Implementation and ethicsThis project is supported by the United States President's Emergency Plan for AIDS Relief through the US Centers for Disease Control and Prevention (CDC) under the terms of cooperative agreements #U2GGH001271 and #U2GGH001226. Each survey was reviewed and approved by human subjects and Institutional Review Boards at the CDC, Columbia University, Westat and in the respective countries. All survey participants provided informed consent prior to survey participation.
RESULTSA total of 69,221 18- to 59-year-old women were sampled in the surveys and 65,607 (94.8%) women were eligible to participate in the survey. Among those who were eligible for the survey, 61,537 (93.8%) completed the interview, 56,698 (92.1%) provided a valid blood specimen and 56,333 (99.4%) answered the AUDIT-C questions (Figure 1). A total of 59,528 18–59 y/o men were sampled in the surveys and 53,019 (89.1%) were eligible to participate. Among those who were eligible, 44,662 (84.2%) completed the interview, 40,211 (90.0%) provided a valid blood specimen and 39,878 (99.2%) answered the AUDIT-C questions (Figure 1). By country, Zambia had the highest proportion of HIV-positive men who reported HAU (35.6%), and Namibia had the highest proportion of HIV-positive women who reported HAU (16.0%) (Table 1).

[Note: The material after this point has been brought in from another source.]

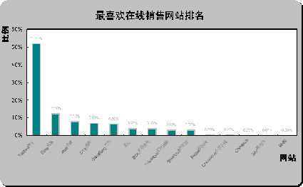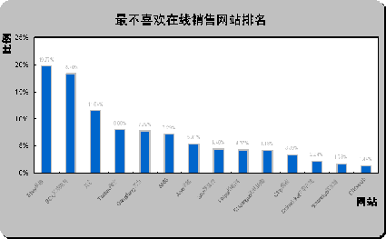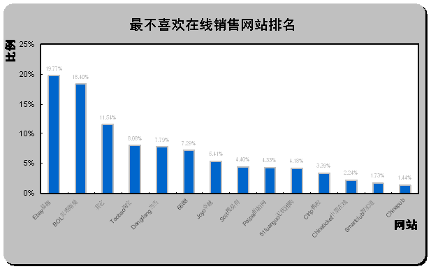 易趣中國和貝塔斯曼最不受歡迎。從最不喜歡在線銷售網站排名(如上圖)可以看出,易趣中國eBay

Figure 1. Flow chart of eligibility, interview completion, blood sampling and AUDIT-C responses among 18- to 59-year-old women and men in six Eastern and Southern African countries.‡
Table 1 Hazardous alcohol use among HIV-positive adults aged 18–59 years by selected demographic characteristics—six Population-based HIV Impact Assessments, 2015–2017
Hazardous alcohol usea | ||||
Male | Female | |||
Variable | Weighted % (95% CI) | Totalb | Weighted % (95% CI) | Totalb |
Total | 21.8 (20.4–23.3) | 4444 | 6.6 (5.9–7.3) | 9755 |
Age | ||||
18–24 | 4.0 (1.9–6.1) | 175 | 5.4 (3.6–7.2) | 822 |
25–29 | 23.6 (18.9–28.3) | 342 | 8.1 (6.1–10.0) | 1321 |
30–39 | 27.3 (24.7–29.9) | 1439 | 7.1 (6.0–8.3) | 3596 |
40–59 | 19.5 (17.6–21.4) | 2437 | 5.7 (4.6–6.8) | 3795 |
Mean age | 39.7 (38.7–40.0) | 4444 | 36.0 (35.0–37.0) | 9755 |
Country | ||||
Eswatini | 16.3 (12.9–19.7) | 836 | 4.1 (3.1–5.1) | 1878 |
Malawi | 18.2 (15.2–21.2) | 656 | 2.8 (1.7–3.9) | 1451 |
Namibia | 24.6 (20.3–28.8) | 688 | 16.0 (14.1–17.9) | 1588 |
Tanzania | 15.8 (11.6–20.0) | 485 | 5.8 (4.3–7.3) | 1136 |
Zambia | 35.6 (32.2–38.9) | 743 | 13.0 (11.0–15.0) | 1602 |
Zimbabwe | 20.5 (17.8–23.2) | 1036 | 3.9 (2.8–5.1) | 2100 |
Place of residence | ||||
Urban | 27.2 (24.4–30.0) | 1617 | 10.0 (8.7–11.3) | 3925 |
Rural | 18.5 (16.8–20.1) | 2827 | 3.8 (3.2–4.5) | 5830 |
Marital status | ||||
Married/living together | 21.4 (19.8–23.1) | 3099 | 5.2 (4.3–6.0) | 4781 |
Divorced | 25.5 (19.3–31.7) | 207 | 11.1 (8.6–13.7) | 877 |
Separated | 23.8 (18.6–28.9) | 218 | 8.6 (5.8–11.5) | 567 |
Widowed | 22.2 (16.0–28.4) | 165 | 4.9 (3.6–6.1) | 1471 |
Never married | 21.6 (17.4–25.9) | 749 | 9.1 (7.2–11.0) | 2021 |
Wealth quintile | ||||
Lowest | 20.1 (17.3–22.9) | 615 | 1.9 (1.3–2.5) | 1248 |
Second | 19.5 (16.2–22.9) | 708 | 4.1 (2.9–5.2) | 1427 |
Middle | 15.6 (13.1–18.1) | 1001 | 5.3 (3.6–6.9) | 2061 |
Fourth | 25.3 (21.7–28.9) | 1136 | 7.3 (5.9–8.7) | 2545 |
Highest | 28.1 (24.8–31.3) | 984 | 11.5 (9.7–13.2) | 2474 |
Defined as a pattern of alcohol consumption that increases the risk of harmful consequences for the user or others.
Unweighted.
Demographic factorsAmong the 9755 women and 4444 men who tested HIV positive, 745 (6.6%) of women and 960 (21.8%) of men engaged in HAU (Table 1). Among HIV-positive women, 405 (10.0%) who reported HAU resided in an urban area; 102 (11.1%) were divorced; 241 (11.5%) were in the highest wealth quintile; and 125 (8.1%) were aged 25–29 years (Table 1). The mean age of participants who engaged in HAU was 38 years (36 years among women and 40 years among men). Among HIV-positive men who reported HAU, 411 (27.2%) lived in an urban area; 55 (25.5%) were divorced; 240 (28.1%) were in the highest wealth quintile; and 372 (27.3%) were aged 30–39 years (Table 1).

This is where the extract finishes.